This award is funded under the American Recovery and Reinvestment Act of 2009 (Public Law 111-5).
The investigator and his colleagues propose and study a model which can be used to characterize extremes (specifically threshold exceedances) on a regular spatial lattice. A spatial model for threshold exceedance data needs to handle situations where data values exceed the threshold only in limited areas of the study region. The proposed model accomplishes this by creating an overall model composed of many smaller models. The spatial domain is covered by a number of small and overlapping subregions and data on these subregions is modeled with parametric multivariate extreme value models of low dimension. The investigators show that these subregion models can be combined in such a way that the angular measure of the overall model meets the requirements of an extreme value distribution. The idea of constructing an overall model from models of lower dimension is inspired by lattice models from spatial statistics, and the model's foundation is based on ideas from traditional extreme value theory.

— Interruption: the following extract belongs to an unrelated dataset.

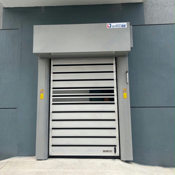 上图是:方位无菌包装在户外使用的硬质快速卷帘门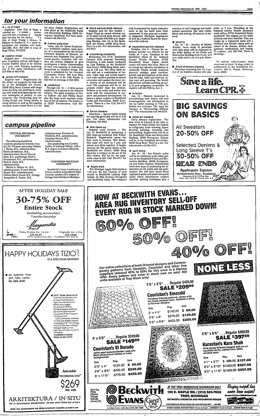 Farmington Observer et al, December 25, 1989.

Although they occur infrequently, understanding the nature of extreme events is important because of their significant human and economic impact. Recently, there has been much interest in spatial modeling of extremes, particularly in the context of modeling geophysical data such as precipitation. Despite the interest in this area, there still exists a need for extremes models which can describe the dependence in spatial data which are recorded at many locations. The goal of this proposal is to develop and study a model for threshold exceedance data that is recorded on a spatial lattice. While the research in this proposal is motivated by spatial, geophysical data, the methodologies could be utilized in extremes applications well beyond climate science. Because multivariate extremes models for high dimensions are lacking, advancements in this area are significant and are likely to be extended and adapted.